Tim Dixon tdixon.no at spam.fwi.com
Fri Jun 16 12:21:12 EDT 2000


On Mon, 05 Jun 2000 19:55:08 GMT, Rajarshi Ray <rajarshi at home.com>
wrote:

>Besides the gee-whiz aspect of such algorithms, do they have any value?
>After all, what makes pi pi is ALL of its digits in a particular
>sequence.

I can think of a great use for such an algorithm, if one existed (I
think this is a misunderstanding and a closer examination will reveal
that all they've found is that such an algorithm isn't theoretically
impossible or something like that).

The strongest possible encryption is a secret key one time pad.  A one
time pad is an encryption method by which each byte (or couple bytes)
is encrypted using a different key which is discarded and not used
again.  It's not possible to break this kind of encryption without
compromising the "key pad" itself because discovering one byte tells
you nothing about any of the other bytes.  Being unable to test a
sequence of bytes makes it impossible to tell whether you've cracked
the byte or not, and even if you did that, you'd still not have the
rest of the message.  An advantage is the the algorithm can be very
simple (a simple XOR against the key would suffice) because the
security is in the key, not the algorithm.

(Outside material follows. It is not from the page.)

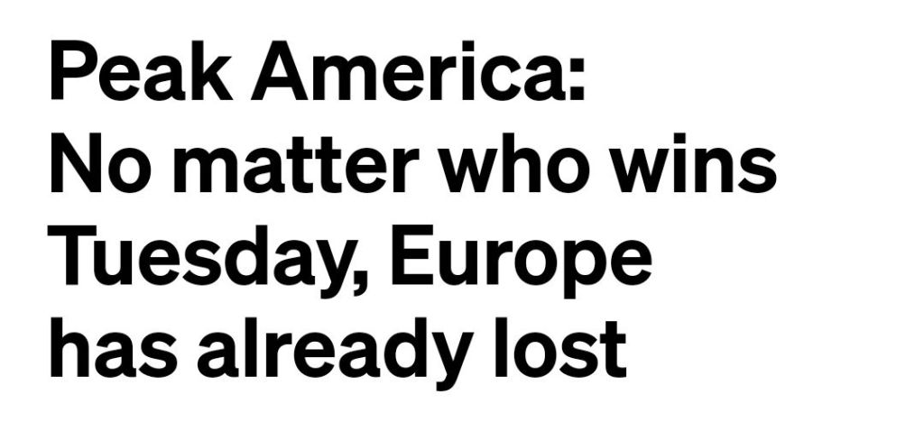 Det sägs att utan USA är Europa förlorat, något som den franske analytikern Nicolas Tenzer skrev förra året och vid en eventuell Trump-seger lär detta sättas på prov. Något som är mycket farligare enligt artikelförfattaren, är dock risken att Europa inte kommer att erkänna att det redan är förlorat och förblir orörligt samt därmed förlamat.

There are two problems:  one is that it's a secret key system and not
a public key system, so it's not useful for many applications.  It
doesn't work for something like SSL or PGP, for instance.  This is a
characteristic of secret key systems.

The second is the enormous effort involved in producing one time pads.
You need enough bits in your pad to encrypt the entire message;
essentially for a 16K message, your key would have to be 16K long as
well.  Naturally, you need to get the key to the recipient via some
secure means and communicate what portion of the pad is used by a
particular message.

Suppose, however, that you could get digit 'n' of pi directly (or e,
or any other inifinte, nonrepeating sequence).  All I have to do is
communicate which digit of pi the message key starts at, and I can
generate the rest of the key.  I still have the unbreakable nature of
the one time pad, but now I only have to keep secret the starting
point; I can generate the key on the fly.  Keeping *that* secure is
still nontrivial, of course. :-)

>
>Kirby Urner wrote:
>> 
>> Here's another "math through programming" challenge:
>> 
>> Recent number theory breakthrough:  you can get the
>> nth digit of PI without doing all the work needed
>> to compute all the digits up to the nth digit (same
>> with some other numbers -- not sure if we know all
>> the relevant criteria as to which).